Not it will be given fine gold for it and not it will be weighed out silver price its.
16 Zij kan niet geschat worden tegen fijn goud van Ofir, tegen den kostelijken Schoham, en den Saffier.
Not it will be paid in [the] gold of Ophir in onyx precious and sapphire.
17 Men kan het goud of het kristal haar niet gelijk waarderen; ook is zij niet te verwisselen voor een kleinood van dicht goud.
Not it will be comparable to it gold and glass and [is] exchange its a vessel of pure gold.
18 De Ramoth en Gabisch zal niet gedacht worden; want de trek der wijsheid is meerder dan der Robijnen.
Corals and crystal not it is remembered and [the] price of wisdom [is] more than pearls.
19 Men kan de Topaas van Morenland haar niet gelijk waarderen; en bij het fijn louter goud kan zij niet geschat worden.
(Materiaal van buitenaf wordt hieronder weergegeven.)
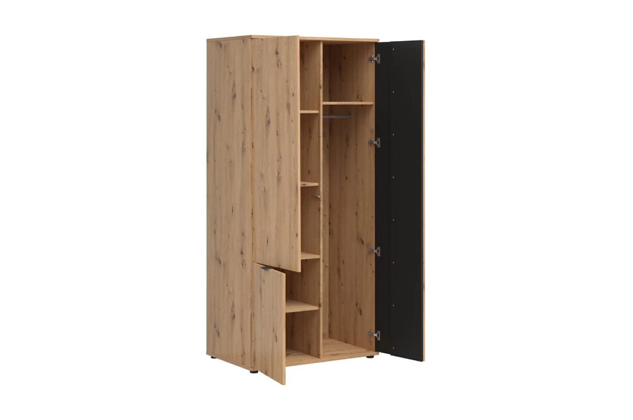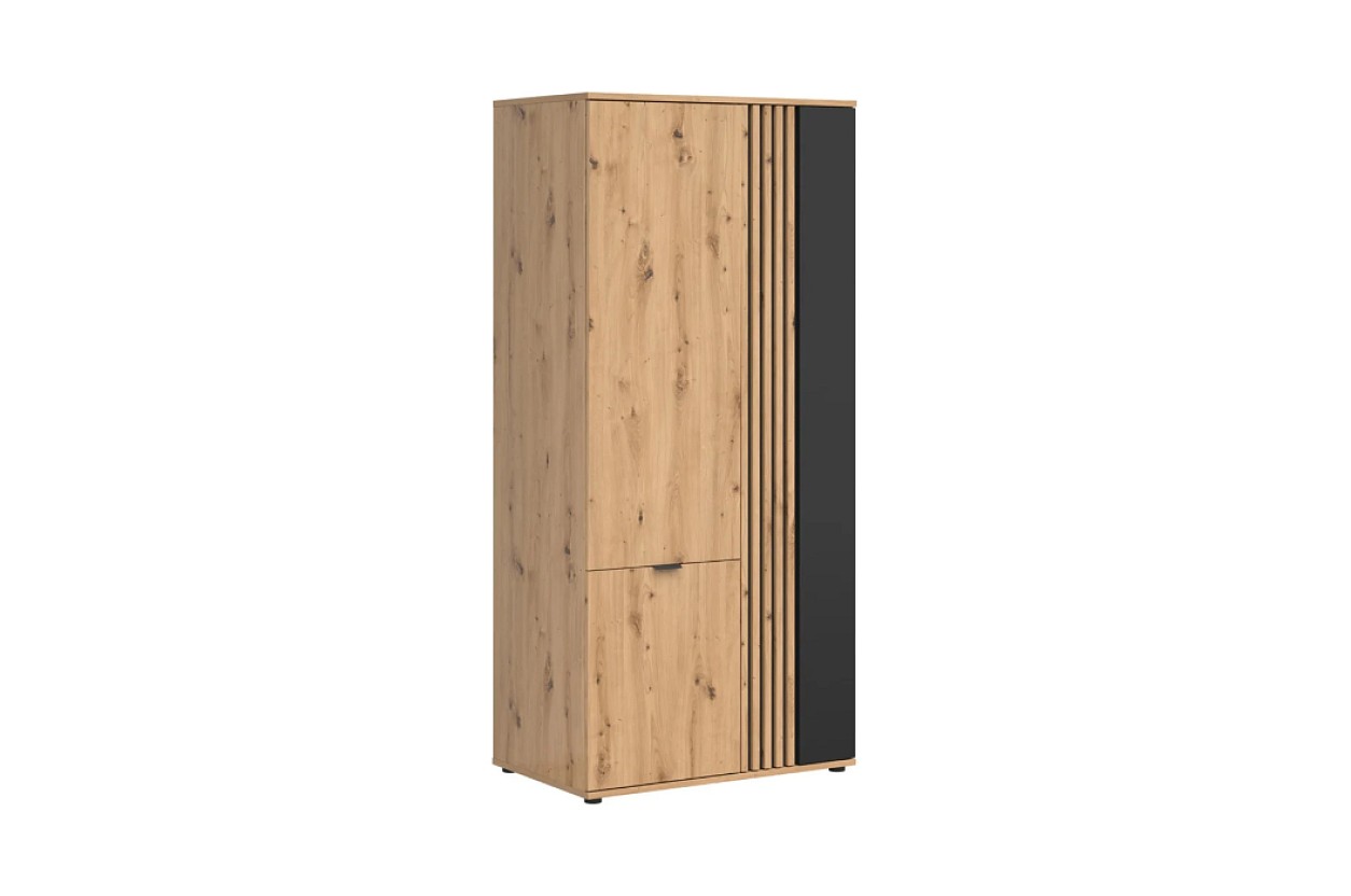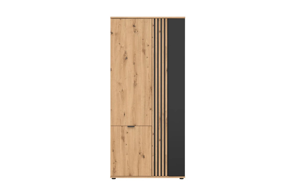 VABRES je vyrobena z lamina + MDF. Kombinace barev dub artisan/černá. Uvnitř skříně se nachází šatní tyč a police. Toto rozvržení zajistí snadný přehled v ukládaných věcech. Levá vrchní část dvířek se otevírá snadno díky push to open systému. Push to open je praktický systém otevírání nábytku, kde stačí jemně zatlačit na dvířka nebo zásuvku, a ty se samy otevřou. Zajišťuje minimalistický, moderní design.

Not it will be comparable to it topaz of Cush in gold pure not it will be paid.
20 Die wijsheid dan, van waar komt zij, en waar is de plaats des verstands?
And wisdom from where? does it come and where? this [is the] place of understanding.
21 Want zij is verholen voor de ogen aller levenden, en voor het gevogelte des hemels is zij verborgen.
And it has been concealed from [the] eyes of every living [thing] and from [the] bird[s] of the heavens it has been hidden.
22 Het verderf en de dood zeggen: Haar gerucht hebben wij met onze oren gehoord.
Abaddon and death they say with ears our we have heard report its.
23 God verstaat haar weg, en Hij weet haar plaats.
God he understands way its and he he knows place its.
24 Want Hij schouwt tot aan de einden der aarde, Hij ziet onder al de hemelen.
For he to [the] ends of the earth he looks under all the heavens he sees.
25 Als Hij den wind het gewicht maakte, en de wateren opwoog in mate;
To make for the wind weight and [the] waters he has measured with a measure.
26 Als Hij den regen een gezette orde maakte, en een weg voor het weerlicht der donderen;
When made he for the rain a decree and a path for [the] storm of thunder claps.
27 Toen zag Hij haar, en vertelde ze; Hij schikte ze, en ook doorzocht Hij ze.
Then he saw it and he recounted it he established it and also he examined it.
28 Maar tot den mens heeft Hij gezegd: Zie, de vreze des HEEREN is de wijsheid, en van het kwade te wijken is het verstand.
And he said - to humankind here! [the] fear of [the] Lord that [is] wisdom and to turn from evil [is] understanding.